#### Assignment:
Print the lines that run from the line with "17.8LBS Full Automatic" to the line with "composition: 100% Cotton", keeping both end lines, exactly as they appear in the entries below, and nothing else.

#### Supplied data:
+===+
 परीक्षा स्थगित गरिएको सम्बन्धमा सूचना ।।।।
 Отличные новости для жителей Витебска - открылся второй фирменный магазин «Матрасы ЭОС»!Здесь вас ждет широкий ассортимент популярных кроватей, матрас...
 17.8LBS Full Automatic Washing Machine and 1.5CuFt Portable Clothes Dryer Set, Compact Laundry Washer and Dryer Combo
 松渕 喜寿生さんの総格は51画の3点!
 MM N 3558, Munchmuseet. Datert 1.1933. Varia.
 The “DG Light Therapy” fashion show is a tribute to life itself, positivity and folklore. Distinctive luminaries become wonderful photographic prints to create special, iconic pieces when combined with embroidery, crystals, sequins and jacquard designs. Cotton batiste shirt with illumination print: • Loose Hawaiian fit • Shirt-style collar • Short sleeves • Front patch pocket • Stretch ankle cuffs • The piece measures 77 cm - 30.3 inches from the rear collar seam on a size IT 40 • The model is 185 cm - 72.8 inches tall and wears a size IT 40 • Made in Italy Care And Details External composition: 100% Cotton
+===+
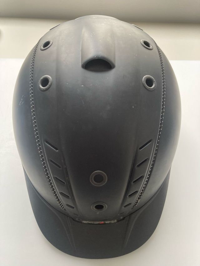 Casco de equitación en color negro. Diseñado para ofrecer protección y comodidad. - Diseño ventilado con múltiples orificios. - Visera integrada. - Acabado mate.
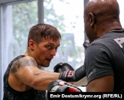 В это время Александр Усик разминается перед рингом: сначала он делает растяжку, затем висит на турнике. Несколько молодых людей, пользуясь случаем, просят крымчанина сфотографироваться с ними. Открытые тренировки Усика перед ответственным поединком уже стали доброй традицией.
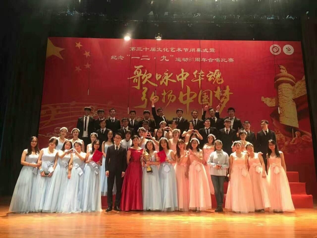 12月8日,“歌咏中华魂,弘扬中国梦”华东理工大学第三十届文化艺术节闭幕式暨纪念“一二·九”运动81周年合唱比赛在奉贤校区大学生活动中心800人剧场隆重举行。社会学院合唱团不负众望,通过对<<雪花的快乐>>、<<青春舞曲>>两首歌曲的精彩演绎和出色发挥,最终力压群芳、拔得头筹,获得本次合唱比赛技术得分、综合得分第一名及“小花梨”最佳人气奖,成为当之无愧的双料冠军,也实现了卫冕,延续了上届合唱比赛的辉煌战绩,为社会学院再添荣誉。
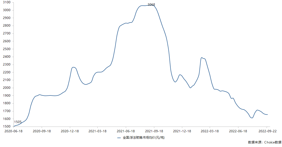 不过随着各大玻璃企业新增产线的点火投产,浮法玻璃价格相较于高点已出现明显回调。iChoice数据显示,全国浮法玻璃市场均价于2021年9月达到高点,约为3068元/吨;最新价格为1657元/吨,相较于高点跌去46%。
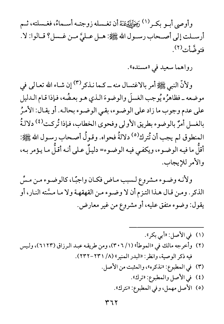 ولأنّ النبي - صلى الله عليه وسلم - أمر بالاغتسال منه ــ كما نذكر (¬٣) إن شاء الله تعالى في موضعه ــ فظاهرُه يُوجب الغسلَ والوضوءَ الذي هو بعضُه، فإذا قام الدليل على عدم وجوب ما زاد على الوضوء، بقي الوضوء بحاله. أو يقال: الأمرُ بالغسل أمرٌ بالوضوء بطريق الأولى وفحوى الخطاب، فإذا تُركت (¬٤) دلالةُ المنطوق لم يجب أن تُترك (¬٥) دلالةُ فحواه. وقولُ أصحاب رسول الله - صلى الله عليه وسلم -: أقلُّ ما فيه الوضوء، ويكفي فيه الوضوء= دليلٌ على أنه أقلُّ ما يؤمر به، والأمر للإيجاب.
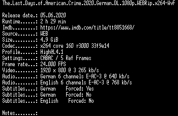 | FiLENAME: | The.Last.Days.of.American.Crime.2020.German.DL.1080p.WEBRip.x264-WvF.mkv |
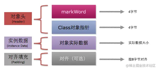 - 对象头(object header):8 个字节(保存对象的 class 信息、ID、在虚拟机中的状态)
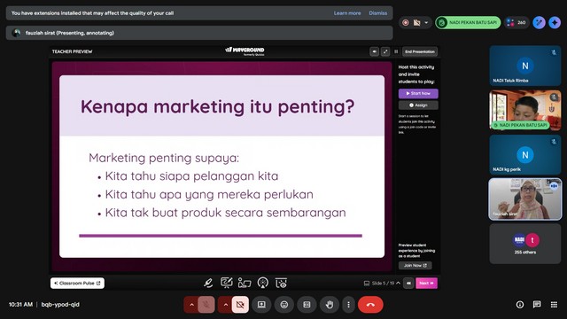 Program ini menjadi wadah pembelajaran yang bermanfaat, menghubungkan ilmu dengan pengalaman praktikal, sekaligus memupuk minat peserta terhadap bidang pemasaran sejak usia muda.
+===+
#### Worked solution:
 17.8LBS Full Automatic Washing Machine and 1.5CuFt Portable Clothes Dryer Set, Compact Laundry Washer and Dryer Combo
 松渕 喜寿生さんの総格は51画の3点!
 MM N 3558, Munchmuseet. Datert 1.1933. Varia.
 The “DG Light Therapy” fashion show is a tribute to life itself, positivity and folklore. Distinctive luminaries become wonderful photographic prints to create special, iconic pieces when combined with embroidery, crystals, sequins and jacquard designs. Cotton batiste shirt with illumination print: • Loose Hawaiian fit • Shirt-style collar • Short sleeves • Front patch pocket • Stretch ankle cuffs • The piece measures 77 cm - 30.3 inches from the rear collar seam on a size IT 40 • The model is 185 cm - 72.8 inches tall and wears a size IT 40 • Made in Italy Care And Details External composition: 100% Cotton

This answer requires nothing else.